◆ **GIVEN INFORMATION**
== Segment start ==

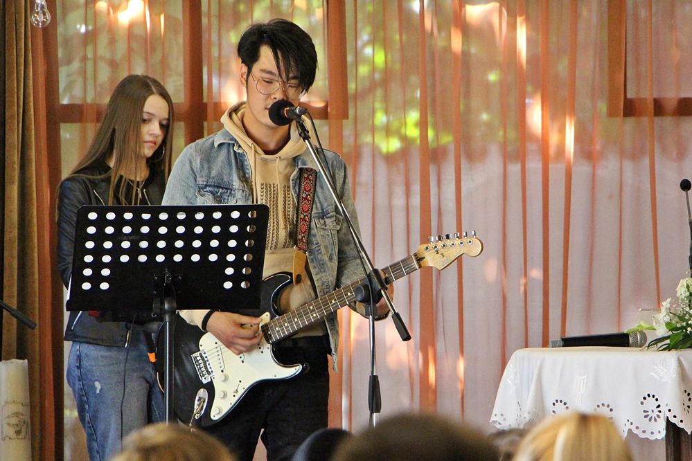 - A hatvani református gyülekezetben már elég régóta van dicsőítő zenekar, azonban mi, fiatalok csak nagyjából 3-4 éve zenélünk ebben a formációban együtt. Apukám a hatvani gyülekezetben segédlelkész, így én köztük nőttem fel. Mindig is vonzott ez a zenekar, most pedig, hogy az én vezetésemmel működhet, mindennél többet jelent nekem. Az Isten dicsőítése zenén keresztül számomra a legfontosabb dolog, imádom. Eredetileg hegedűn játszottam, aztán megismerkedtem a gitározással és a rockzenével, ez pedig szerintem nagyon jót tett a zenekarnak is. Folyamatosan bővítjük a repertoárunkat, újabb és újabb egyházi dalok kerülnek be a műsorba – árulta el Kim Sungjin, zenekarvezető.
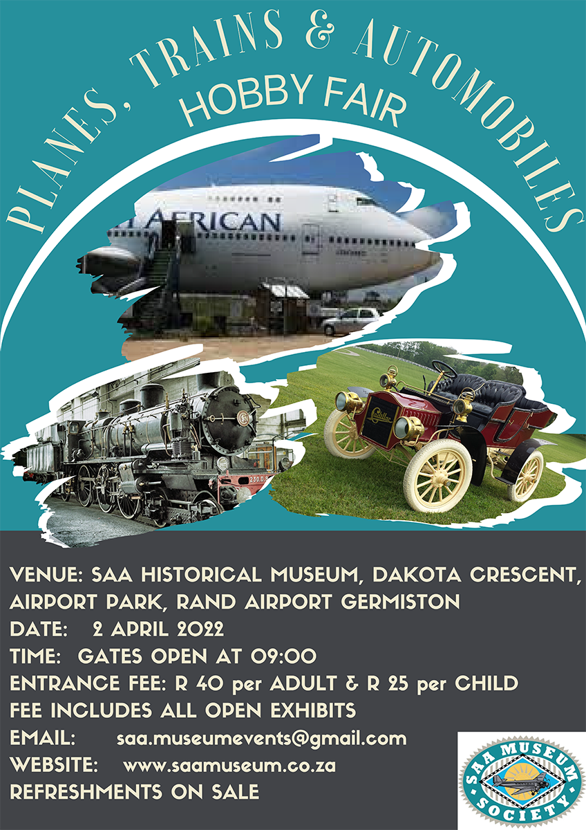 A week after the Toyz 4 Boyz event at Rand airport, EMRIG will also be participating at this years Planes, Trains & Automobiles Hobby Fair on the 2nd of April 2022. The event will be at the SAA Historical Museum, Dakota Crescent, Airport Park, Rand Airport, Germiston.
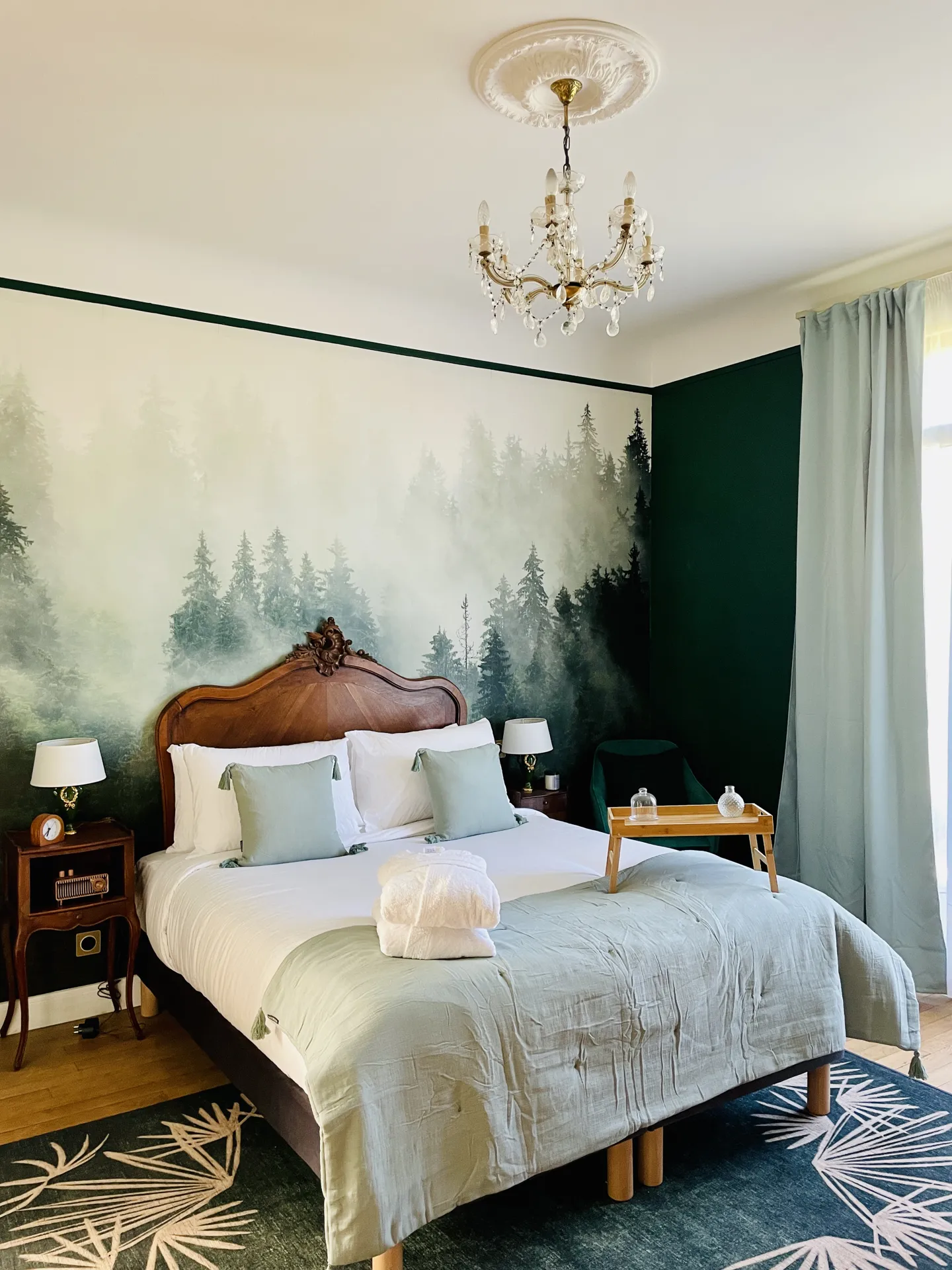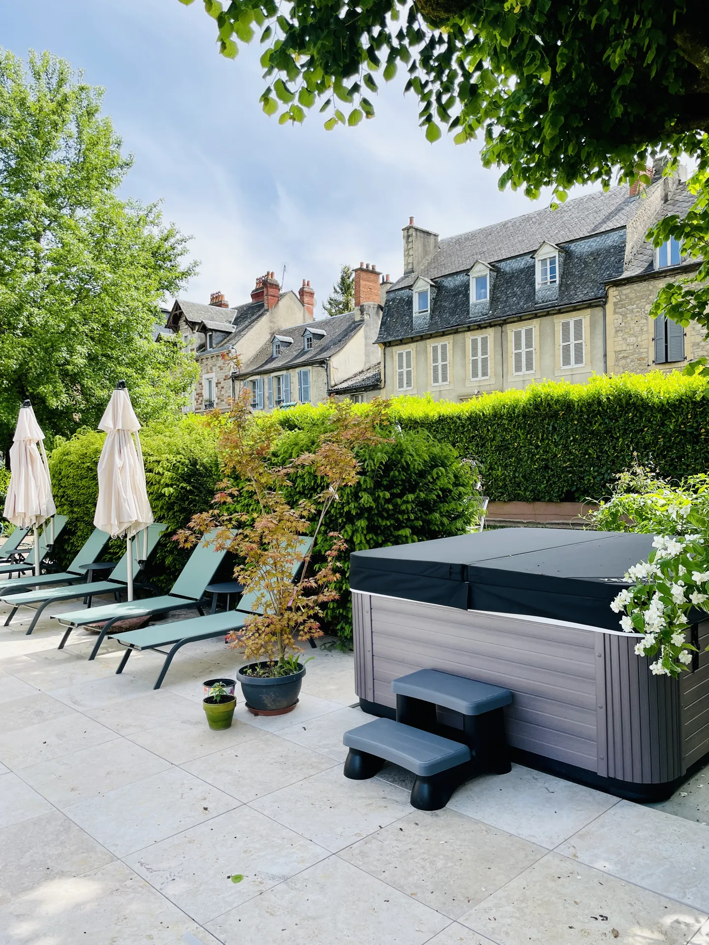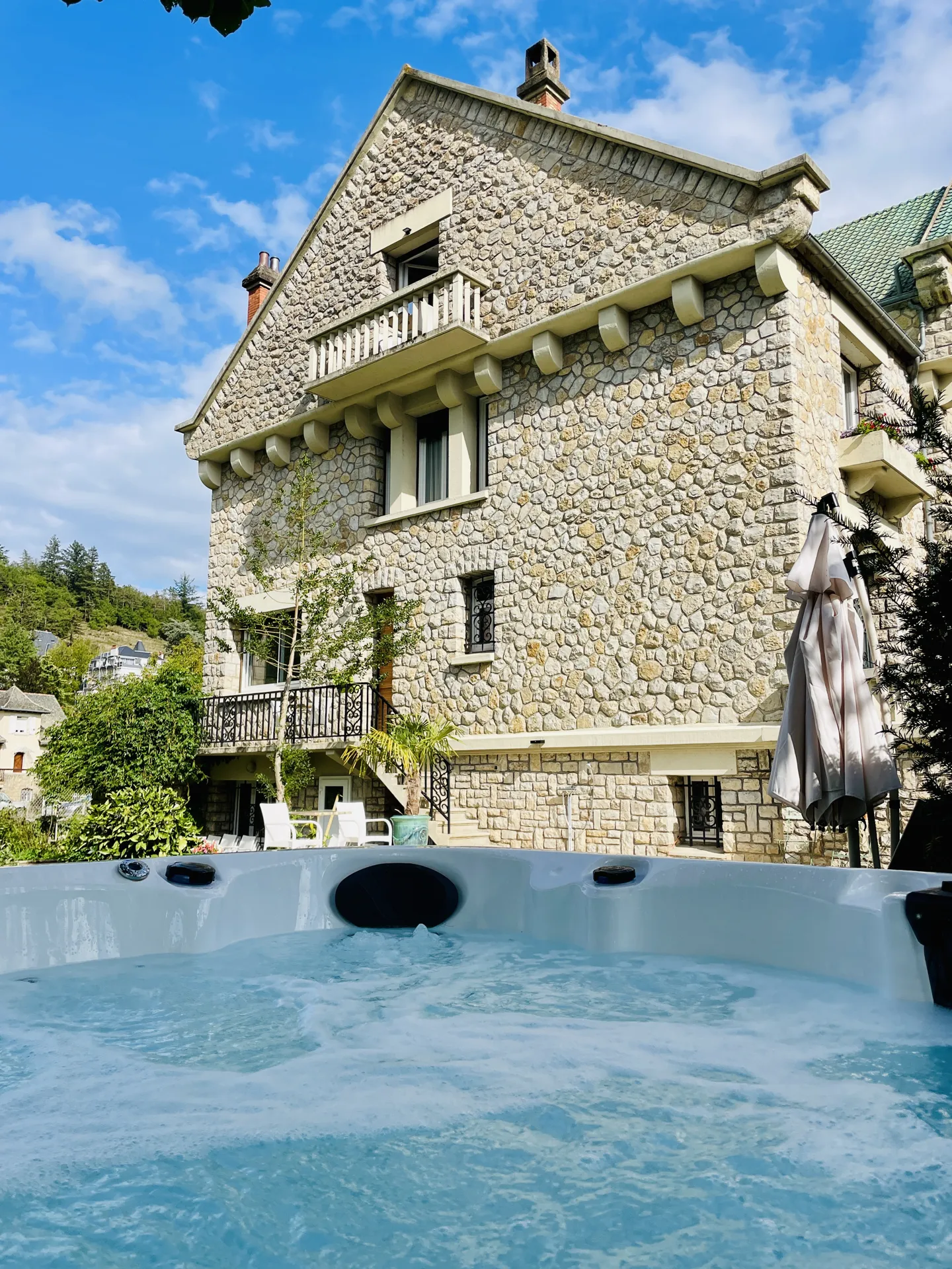 Outdoors, a heated pool bathed in light invites you to relax in a serene, green setting, as does the jacuzzi, open year-round. Inside, the spaces are generous and bright, offering a friendly and relaxing atmosphere. Five bedrooms, each with their own character, visual and olfactory identity. Each room features a private bathroom, a Nespresso coffee machine, a kettle, a mini-fridge, a smart TV, Wi-Fi, a smart speaker, a private balcony, and a personalized decor oozing with charm. In the basement, a fully equipped gym, a billiard room, and soon a massage room and a changing room.

== Segment end ==

◆ **ACTION ITEM**
Write out the whole listing exactly, and drop the pictures.

◆ **REPLY TO THE TASK**
 - A hatvani református gyülekezetben már elég régóta van dicsőítő zenekar, azonban mi, fiatalok csak nagyjából 3-4 éve zenélünk ebben a formációban együtt. Apukám a hatvani gyülekezetben segédlelkész, így én köztük nőttem fel. Mindig is vonzott ez a zenekar, most pedig, hogy az én vezetésemmel működhet, mindennél többet jelent nekem. Az Isten dicsőítése zenén keresztül számomra a legfontosabb dolog, imádom. Eredetileg hegedűn játszottam, aztán megismerkedtem a gitározással és a rockzenével, ez pedig szerintem nagyon jót tett a zenekarnak is. Folyamatosan bővítjük a repertoárunkat, újabb és újabb egyházi dalok kerülnek be a műsorba – árulta el Kim Sungjin, zenekarvezető.
 A week after the Toyz 4 Boyz event at Rand airport, EMRIG will also be participating at this years Planes, Trains & Automobiles Hobby Fair on the 2nd of April 2022. The event will be at the SAA Historical Museum, Dakota Crescent, Airport Park, Rand Airport, Germiston.
 Outdoors, a heated pool bathed in light invites you to relax in a serene, green setting, as does the jacuzzi, open year-round. Inside, the spaces are generous and bright, offering a friendly and relaxing atmosphere. Five bedrooms, each with their own character, visual and olfactory identity. Each room features a private bathroom, a Nespresso coffee machine, a kettle, a mini-fridge, a smart TV, Wi-Fi, a smart speaker, a private balcony, and a personalized decor oozing with charm. In the basement, a fully equipped gym, a billiard room, and soon a massage room and a changing room.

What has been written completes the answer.